### EXERCISE INSTRUCTIONS:
Task for the records below: copy exactly from the first line on, stopping once the line with "It also provides" is copied, and leave out the pictures.

(Stored items)
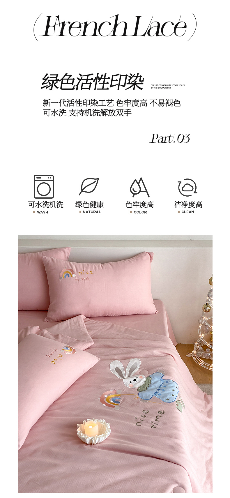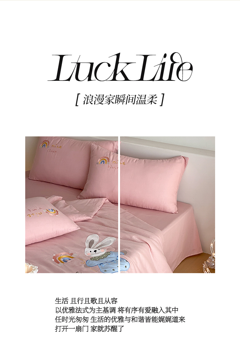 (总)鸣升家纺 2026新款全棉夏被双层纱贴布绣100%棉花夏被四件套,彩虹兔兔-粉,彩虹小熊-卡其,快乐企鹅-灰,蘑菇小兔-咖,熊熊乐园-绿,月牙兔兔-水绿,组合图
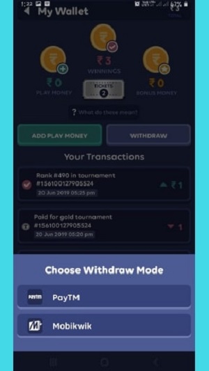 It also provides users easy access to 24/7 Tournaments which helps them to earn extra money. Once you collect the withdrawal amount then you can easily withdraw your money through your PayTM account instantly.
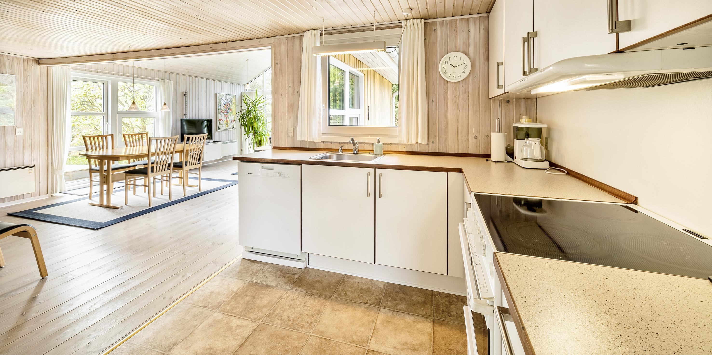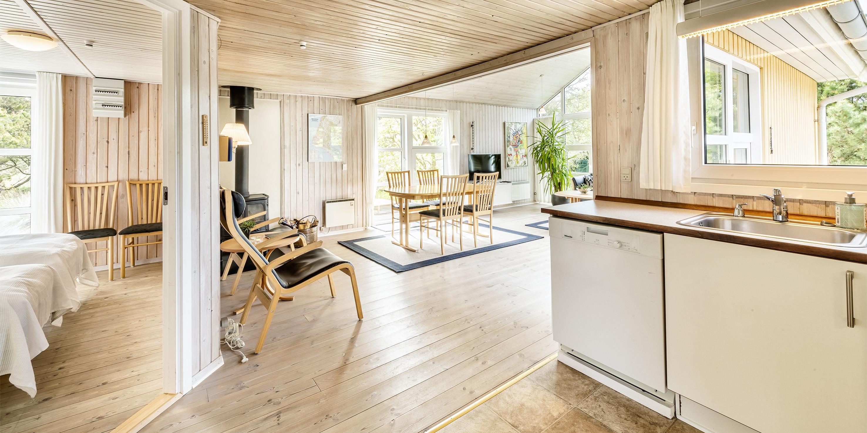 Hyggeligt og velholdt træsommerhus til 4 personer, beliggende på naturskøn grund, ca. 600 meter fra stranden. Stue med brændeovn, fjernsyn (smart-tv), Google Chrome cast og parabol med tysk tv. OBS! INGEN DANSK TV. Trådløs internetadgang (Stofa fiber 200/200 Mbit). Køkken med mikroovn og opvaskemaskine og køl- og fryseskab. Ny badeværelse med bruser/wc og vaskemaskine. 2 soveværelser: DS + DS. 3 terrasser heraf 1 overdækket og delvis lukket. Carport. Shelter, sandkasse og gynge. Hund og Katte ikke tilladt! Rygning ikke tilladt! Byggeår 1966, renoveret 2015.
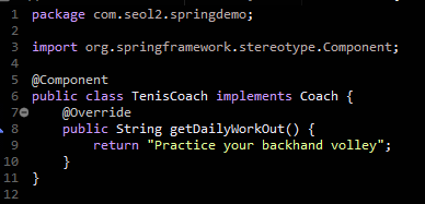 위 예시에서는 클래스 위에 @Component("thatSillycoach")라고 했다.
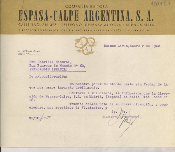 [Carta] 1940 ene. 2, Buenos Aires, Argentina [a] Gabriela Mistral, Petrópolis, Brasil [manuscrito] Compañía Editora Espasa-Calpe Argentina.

### TASK RESULT:
 (总)鸣升家纺 2026新款全棉夏被双层纱贴布绣100%棉花夏被四件套,彩虹兔兔-粉,彩虹小熊-卡其,快乐企鹅-灰,蘑菇小兔-咖,熊熊乐园-绿,月牙兔兔-水绿,组合图
 It also provides users easy access to 24/7 Tournaments which helps them to earn extra money. Once you collect the withdrawal amount then you can easily withdraw your money through your PayTM account instantly.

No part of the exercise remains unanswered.